Spring is finally here, but ongoing lockdowns in three states mean it’s easier to focus on cleaning the house than going out to enjoy the sunshine.
If that’s the case in your home, then it’s as good as time as any to take the feather duster to your finances, too.
Here are six.
1. Steam clean your budget
Establishing a budget and sticking to it is often the most critical step in ensuring we meet our financial goals, according to Crystal Wealth Partners executive director John McIlroy.
He said now was a good time to review our budgets, as the pandemic had changed our spending patterns by limiting our opportunities to travel, eat at restaurants, and go out with friends.

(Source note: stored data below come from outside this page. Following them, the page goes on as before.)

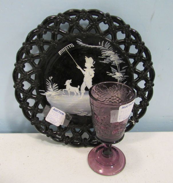 738 Mary Gregory Style Black Glass Plate and a Pressed Glass Amethyst Stem
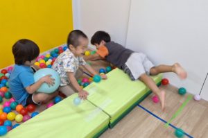 その後はボール遊びをしました。ボールプールを作り、中に入って泳ぐようにしたり、中と外でボール投げをしたりしました。風船遊びも一緒にしました。手のひらで宙にポンポンしたり、大きいフープの中をくぐらせたりしましたよ。楽しかったようで、お片付けの時間になっても「もっと遊ぶ!」の声が聞かれたました。
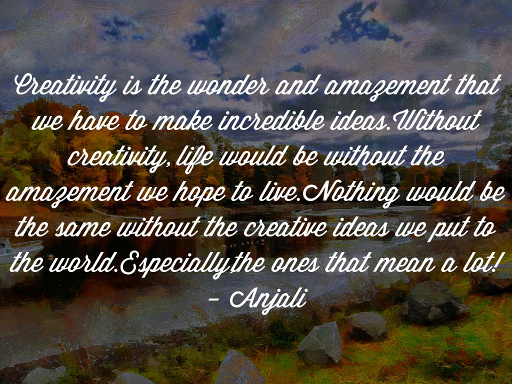 Creativity is the wonder and amazement that we have to make incredible ideas.Without creativity, life would be without the amazement we hope to live.Nothing would be the same without the creative ideas we put to the world.Especially,the ones that mean a lot! - Anjali
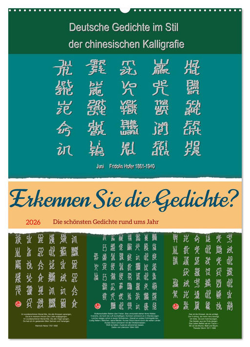Ausgewählte deutsche Gedichte für jeden Kalendermonat rund ums Jahr werden im Stil der chinesischen Kalligrafie geschrieben. (Monatskalender, 14 S...
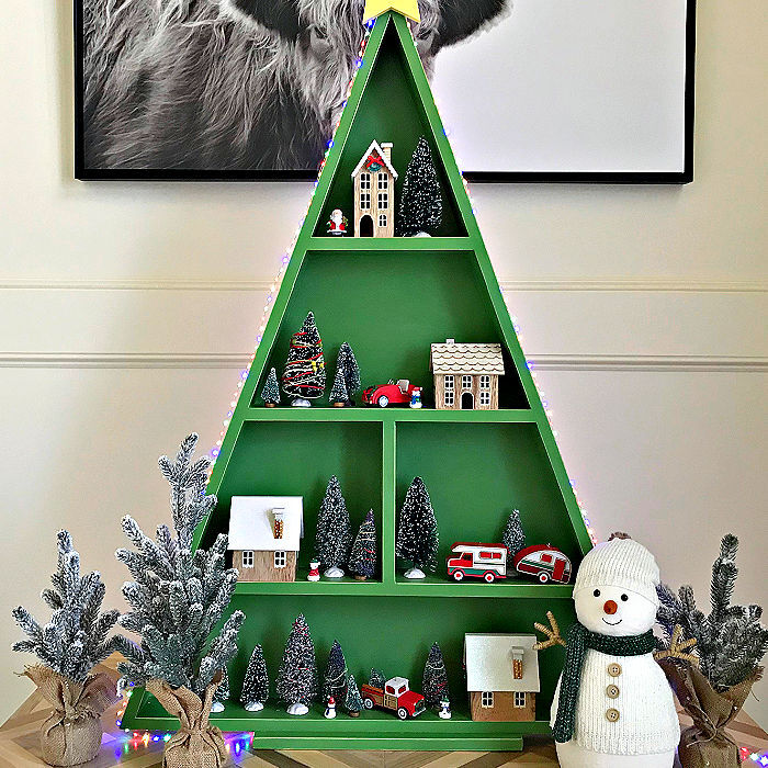 This Christmas Tree Display Shelf can be used so many ways. Use it to display your favorite ornaments or Christmas decorations. Use it as a Christmas Cookie and Cocoa Bar. Or, use it as a fun mini Christmas Village or Train Set display.

“Now is a good time to assess your spending – what [is] essential and what could be cut back – and set up a budget that you can stick to as we emerge from lockdowns and our borders open up,” Mr McIlroy said.
2. Dust off your non-essential commitments
Many of us have turned to TV shows and films to get through the pandemic – and that has often meant signing up to streaming services to access particular programs that have caught our eye.

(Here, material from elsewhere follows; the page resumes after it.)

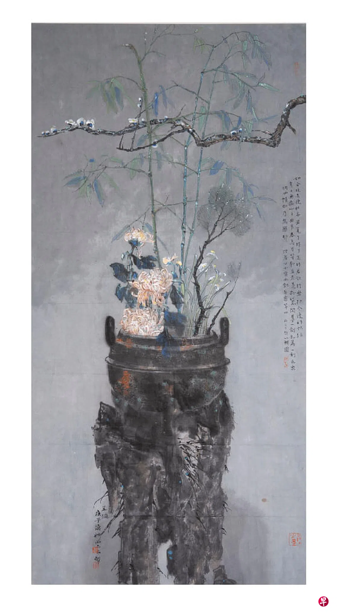 至于绘画,戴文标从一些古代器物如砖瓦研台、铜器的拓片,配以一些日常时节易见的花草静物。他说:“日子如风,静心之下,也能对平常被忽略的小事物,起一种关怀心。虽然疫情局限了人的行动,但也把人对外的探求野心转向自省,对自己、家人,甚至先贤们。‘意与古会’是我在这段时间对书画印章的小总结,虽然说思古幽情居多,何不是成长中对自我与社会历史文化上的反思?”

Consortium Private Wealth adviser Rob Goudie said this is why “a spring clean of your streaming services would be useful now”.
“You might have signed up for a particular show but kept the direct debit going without going back to that service much or at all,” Mr Goudie said.
“So in the broader sense, it’s a good time to go back to your bank account, check the direct debits you have signed up to, and see if you really still need them.”
You might be surprised to learn how much you are spending every month on services you rarely use.
3. Blow the cobwebs off your super
Superannuation is something we often set and forget, but we need to pay close attention to ensure it delivers us the best retirement possible.
Some low-hanging fruit include closing multiple accounts and directing all your superannuation money into the one fund that suits your needs, which is something you can do online.
“If you have multiple accounts then you are just paying away your retirement savings in additional fees,” Mr McIlroy said.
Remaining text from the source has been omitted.